I can still remember the first time I heard this song, surprisingly clearly; I was in the upstairs living room of the house I grew up in — we called it the “TV room,” for some reason, despite the fact that we didn’t use it to watch TV, and for much of my childhood, there wasn’t even a TV in there — and it was summer, or at least sunny. I was listening to Jakki Brambles on Radio 1, and she was very excited to play this for… maybe the first time, perhaps? How much of this actually happened, versus how much I’ve imagined and convinced myself is true, is entirely open to conjecture.
The song, though, fits that period in my memory. It sounds dated and uncertain, as Weller rips off “Dear Prudence” and marries it to audio that sounds as if he was still trying to get over his Style Council days. Was he still technically calling himself “The Paul Weller Experience” at the time this was released as a single? Perhaps.

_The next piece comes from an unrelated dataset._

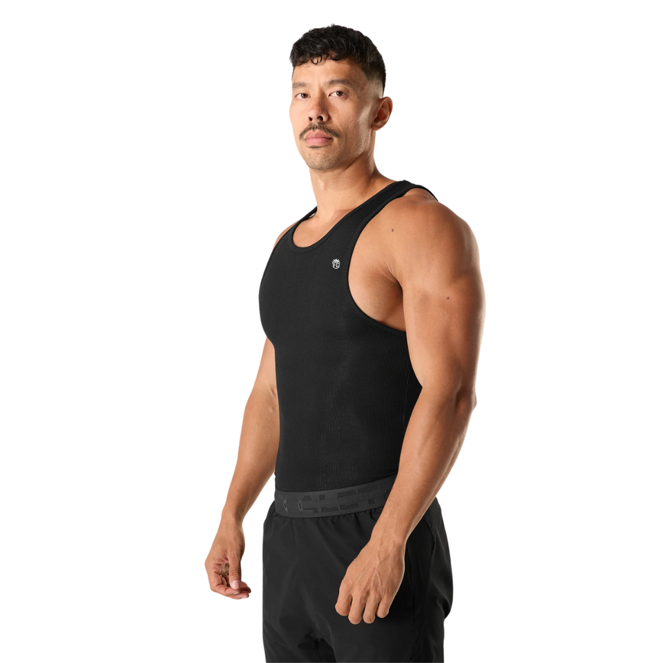 Camiseta sin mangas acanalada para hombre, ajuste muscular, chaleco de entrenamiento para gimnasio, capa base elástica para entrenamiento atlético, ropa deportiva negra

All of that, from the awkward horn stabs to the early Brendan Lynch beeps and boops to the idea that “The Paul Weller Experience” was anything other than an embarrassment, make up the early 1990s as they exist in my head; an era of no-one quite knowing what anything is going to be, but trying out new things and seeing how they feel. It’s not the Paul Weller who became known as The Modfather just yet, but all the ingredients are there, waiting to be mixed right.
The same could be said for me at the time, perhaps, although I wouldn’t be mixed right for years after that (if it’s ever happened, I add, self-consciously). But I can’t help but feel as if this song was me, in a way, back then: Making tentative steps into the future and getting as much wrong as right in terms of what would stick around.
I love it more because of that personification, arguably (certainly) more than it deserves. It’s a song that even Weller fans would admit is one of his lesser singles, but every time I hear even a snippet of it, I find myself wanting to listen to the whole thing, remembering the uncertainty it represents with undisguised fondness.